It is not my own homework and I forgot how to solve this kind of things. Anyway, the following are the statement of the homework and my attempts:
The homework:
Let $w=e^{2i\pi/7}$, $u=w+w^2+w^4$, and $v=w^3+w^5+w^6$.
1) Calculate $u+v$ and then write $u^2$ in function of $u$.
2) Prove that $\mathrm{Im}(u)>0$.
3) Calculate the sum: $\sin(2\pi/7)+\sin(4\pi/7)+\sin(6\pi/7)$.
My attempts:
1) $u+v=w+w^2+w^4+w^3+w^5+w^6=w(1+w+w^2+w^3+w^4+w^5)$.

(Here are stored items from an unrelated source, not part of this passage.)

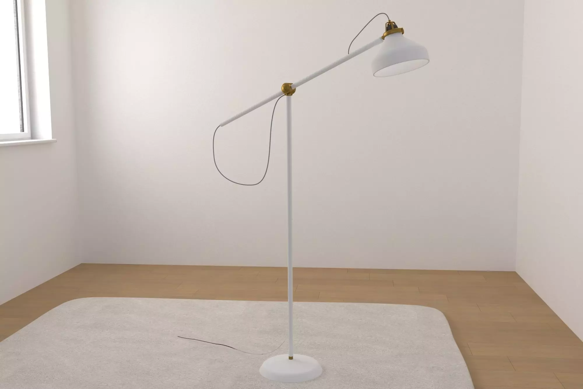 This is a scandinavian style lamp with lighting for a daytime scene. The lamp has a matte white finish, which can easily be turned to the black version of this floor lamp. Applications are a matte gold tone. The model is a reasonable high poly model, perfect for interiour visualization.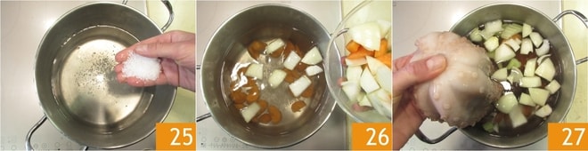 Encha com água uma panela grande, depois adicione um punhado de sal grosso 25, a pimenta branca em grãos e os vegetais 25. Mergulhe o polvo 27 e cozinhe por 55 minutos a partir do momento em que a água começa a ferver.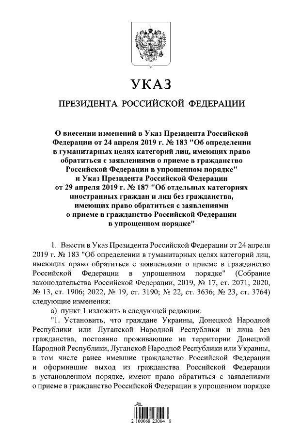 Дослівно: "Встановити, що громадяни України, Донецької народної республіки та Луганської народної республіки та особи без громадянства, які постійно проживають на території Донецької народної республіки, Луганської народної республіки чи України… мають право звернутися із заявами про прийом до громадянства Російської Федерації у спрощеному порядку".
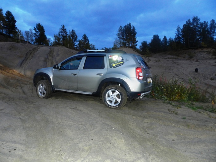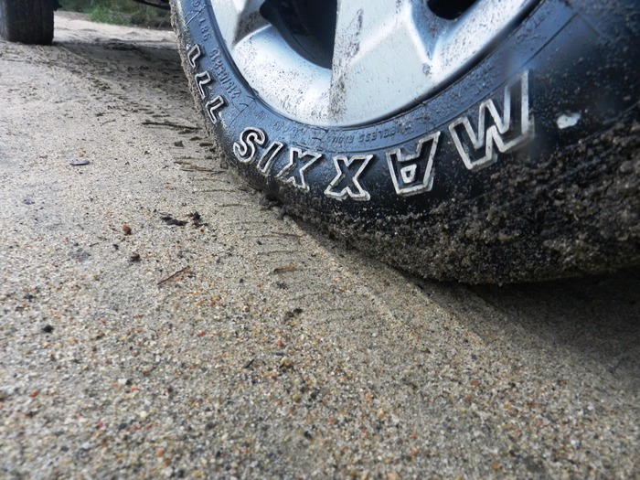 Сразу поехал в карьер на Комсомольской горке, там есть дорожка, где колеи и грязь, я там всегда на полном, так как АТ резина плавает там и наравится подвиснуть. На новых максисах я там прошел на переднем приводе, и только в одном месте пришлось поддать газку. Из колеи выходит, правда не с первого раза. Но я думаю надо сначала сделать давление 1.7., а лучше стравиться до 1атм. и затестить ее в деле.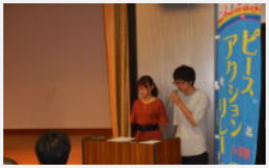 その後、来場者全員参加による「ウルトラピースクイズ」を行いました。平和委員会で行った広島の碑巡りや平和記念資料館で学んだことを全10問のクイズにし、楽しみながら平和について学習しました。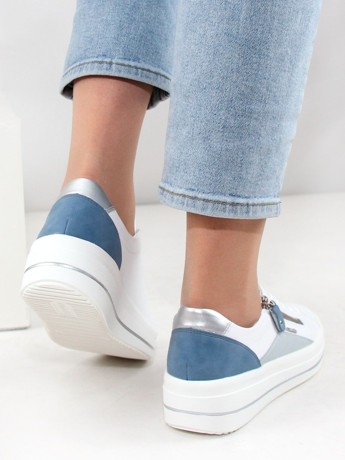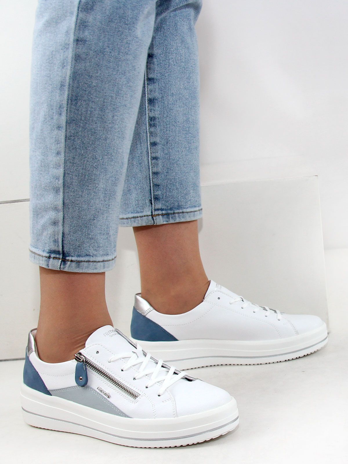 Женские кеды Remonte большого размера – это отличное сочетание стиля и комфорта. Изготовленные из качественных материалов, они обеспечивают мягкость и поддержку ног благодаря амортизирующей стельке. Белый цвет с нежной голубой отделкой придаёт обуви свежий и современные вид, а белая подошва добавляет лёгкости образу. Шнуровка в сочетании с молнией делает процесс надевания быстрым и удобным, что особенно важно в повседневной жизни. Эти кеды подойдут как для прогулок, так и для активного отдыха.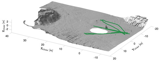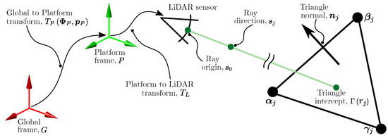 Ref. [33] propose an airborne solution for aiding a navigation system through the use of a large-scale terrain model and LiDAR sensors. Similarly, Ref. [34] augment pose estimates by fitting LiDAR measurements against a known two-dimensional environment model. Refs. [35,36] show how pose estimates of known objects can be obtained from only LiDAR scans by finding the pose that is most likely among the set of all possible poses.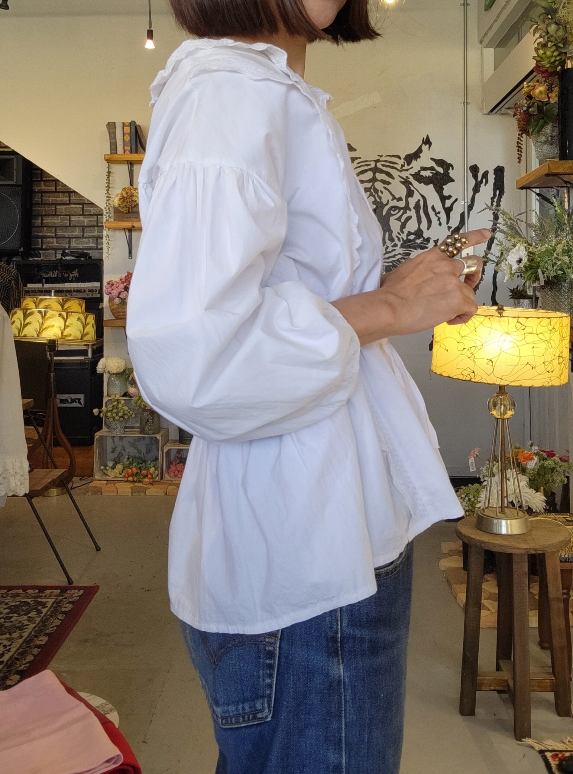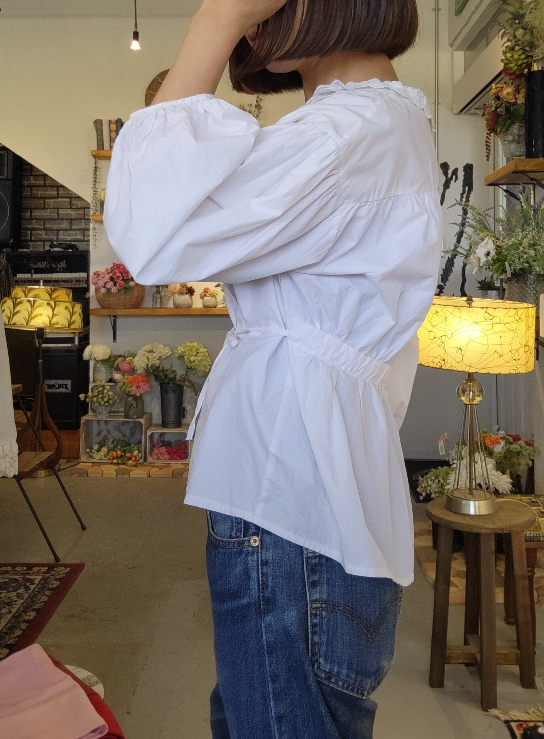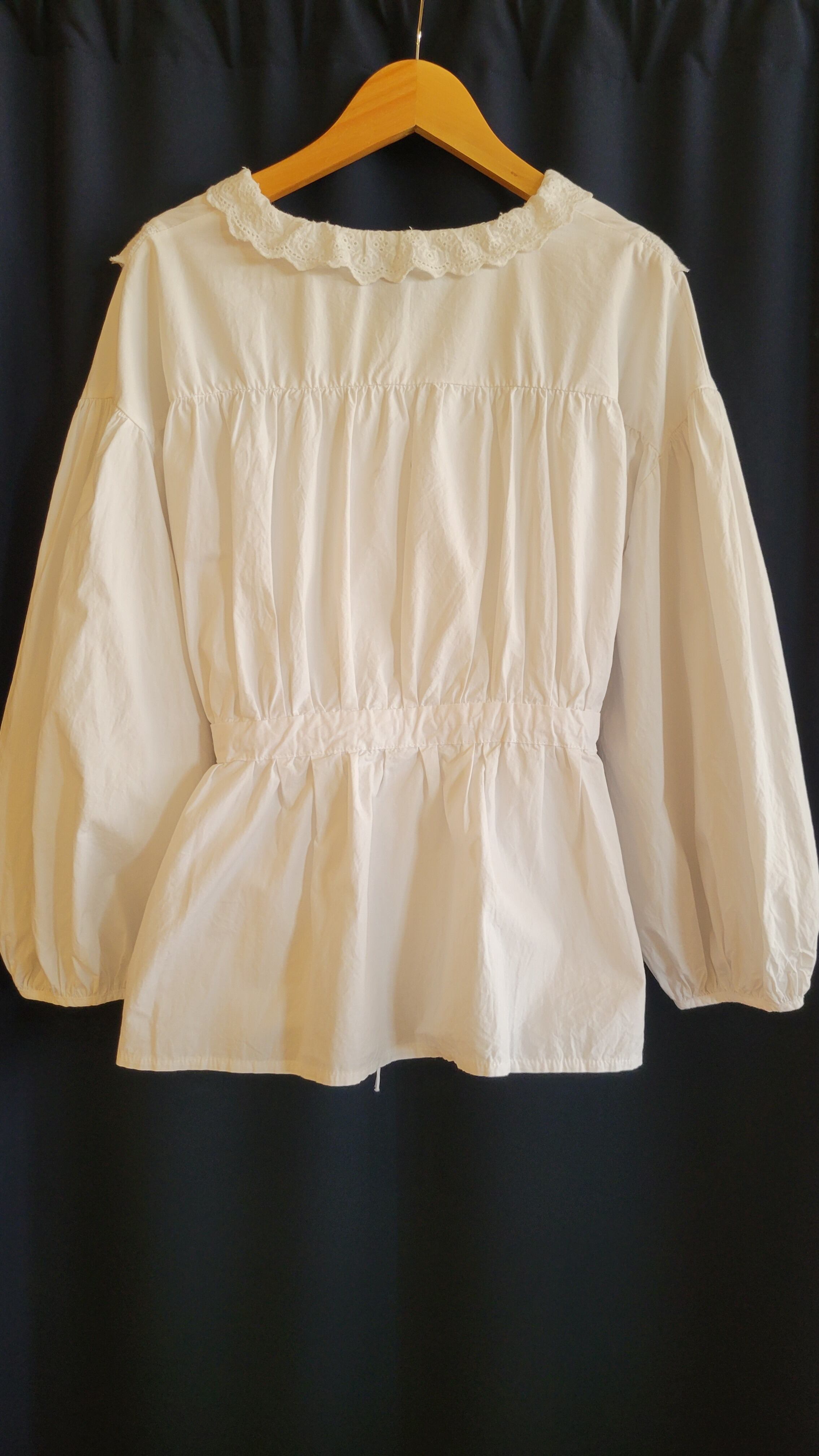 ヴィンテージのホワイトレースブラウス。素材表記はありませんがコットンです。やや張り感があります。伸縮性はありません。ペプラムデザイン&ウエストリボン付きでめりはりのあるきれいなシルエットが叶います。ボトムを選ばず幅広いスタイリングに使える1枚。

Hence, $u+v=w\dfrac{1-w^6}{1-w}=\dfrac{w-w^7}{1-w}=\dfrac{w-1}{1-w}=-1$.
Since $u+v=-1$ then $u^2+uv=-u$, so let's calculate $uv$.
$uv=(w+w^2+w^4)(w^3+w^5+w^6)=2w^7+w^4(1+w+w^2+w^3+w^4+w^5)$.
Then, $uv=2+w^3\dfrac{w-w^7}{1-w}=2-w^3$.
Hence, $u^2=-u-2+w^3$.
I do not know how to prove that $\mathrm{Im}(u)>0$.
Yeah there are alot of jerks on this site paranoid about doing other peoples homework. Thats right I am talking about you.. So if you care more about rules and institutions and all that garbage rather than mathematics please signal by entering a $-1$.
But if you care about math read on...
Anyway $w^7=1$ and if you factor out $w-1$ you get
$$w^6+w^5+w^4+w^3+w^2+w+1=0$$
And if you look you see this is the same as $u+v+1=0$ so $u+v=-1$ is the first problem.
For the second
$$u^2=w+w^4+w^2+2w^5+2 w^3 +2 w^6=u+2v=-2-u.$$
The imaginary part of $u$ is $$\sin\frac{2\pi}{7}+\sin\frac{4\pi}{7} +\sin\frac{6\pi}{7}$$ and since all these terms are positive the imaginary part is positive.
Finally to find the imaginary part of $u$ and we also have $uv=2$ as can be checked. So $u$ and $v$ are solutions to $$y^2+y+2=0$$ and this means that
$$y=\frac{-1\pm \sqrt{-7}}{2}$$ and from the positivity, we have
$$u=\frac{-1 + \sqrt{-7}}{2}$$ so the trig sum is equal to $\frac{\sqrt{7}}{2}$
For those that think this is a trivial homework problem this is an example of Gauss periods, used in solving cyclotomic equations and Gauss's fourth proof of quadratic reciprocity.
Now are you not glad you read this far, knowledge is far better than hate.